Pihak imigrasi memberikan bukti pengantar pembayaran. Pembayaran dilakukan secara online melalui bank (paling lambat 7 hari kerja) dengan memasukkan No. kode MPN G2 sebanyak 15 digit
angka (kode bayar)
Untuk mengetahui
kapan paspor selesai, cukup ketik #nomorpermohonan (16 digit angka) ke WhatssApp
Imigrasi Jakarta Utara 0821-1200-4032.
Jawaban otomatis muncul dengan info sbb:
Nomor Permohonan, Nama, No. Kode MPN G2 (Kode Bayar), jam pengambilan di hari
kerja, serta persyaratan pengambilan paspor termasuk batas waktu pengambilan
maksimum 1 bulan atau dianggap batal.
Vaksin Meningitis di Hari Sabtu - RSUP
Fatmawati (Gedung Griya Husada).
Link: Pendaftaran Vaksin Meningitis Secara Online
Link: Mengapa Vaksin Meningitis Dan Buku Kuning Vaksin Meningitis
Link: Mengapa Vaksin Meningitis Dan Buku Kuning Vaksin Meningitis
Masa berlaku vaksin
meningitis sampai 2 taun. Artinya kami harus melakukan vaksin ulang.
Sebagian
besar KKP (Kantor Kesehatan Pelabuhan) penyedia vaksin meningitis
dengan pendaftaran online hanya melayani di hari kerja. Karena suami bekerja,
kami hanya bisa memilih lokasi yang melayani di hari Sabtu. Salah satunya RSUP
Fatmawati, Gedung Griya Husada.
Untuk
menanyakan ketersediaan vaksin dapat menelpon ke 021-7501524 ext. 1558 dan 1507
atau langsung ke Griya Husada 021-7660602. Pengecekan ini karena jatah vaksin di
tiap tempat berbeda dan ada batas maksimumnya per hari.
Pembukaan pendaftaran
mulai jam 7 pagi sampai jam 2 siang. Walaupun proses suntiknya cepet, yang
bikin lama adalah waktu pendaftaran (karena dilakukan input data ke komputer secara
mandiri, sementara kecepatan tiap orang berebeda) dan juga panjangnya antrean untuk
proses penyuntikan.
Kami datang hari
Sabtu 24-Nov-18 jam 9 pagi namun baru selesai jam 2 siang, karena selesai pendaftaran
dapet nomer antreannya sudah yang ke 207 dan 210.
Pertama tiba
di sini, saat menuju pintu masuk (lantai 1) masih terlihat antrean yang relatif
pendek untuk input data ke komputer. Dengan computer yang tersedia sebanyak 3 buah.

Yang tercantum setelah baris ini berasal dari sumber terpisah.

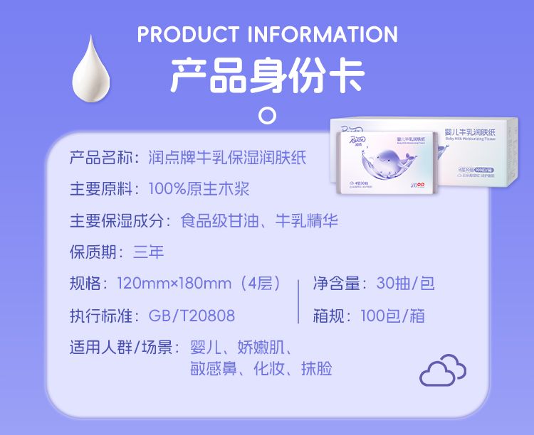 商品名称:润点 牛乳润肤纸 4层30抽10包

Setelah input data hasilnya di print
termasuk nomer antreannya.
Lalu proses selanjutnya harus ke
lantai 2.
Menyerahkan
hasil print bio data beserta nomor antrean. Tumpukan berkas dipisahkan antara
pria dan wanita. Nah disini proses ekstra sabaaarrr yang ke-2 dimulai. Karena dipanggil
setiap 10 orang untuk masuk ke suatu ruangan untuk proses suntik.
Saya
dipanggil sekitar jam 11-an sementara suami setelah jam 1 siang karena
terpotong waktu istirahat (jam 12 – 1 siang).
· Setelah
proses suntik, lalu bayar ke kasir. Biaya
suntik per orang Rp. 305 ribu.
· Menyerahkan bukti pembayaran kembali ke bagian penyerahan bio data tadi. Sekitar jam 2
siang kami diberikan buku kuning tertulis “International Certificate Vaccination
or Prophylaxis” yang sudah ditulis di bagian depan dengan nama dan nomor paspor
sedangkan di bagian dalam ditulis bio data singkat, tanda tangan dokter dan
masa berlaku vaksin.
Buku kuning
bukti vaksin meningitis kami serahkan ke kantor pusat travel hari Senin 26-Nov-18.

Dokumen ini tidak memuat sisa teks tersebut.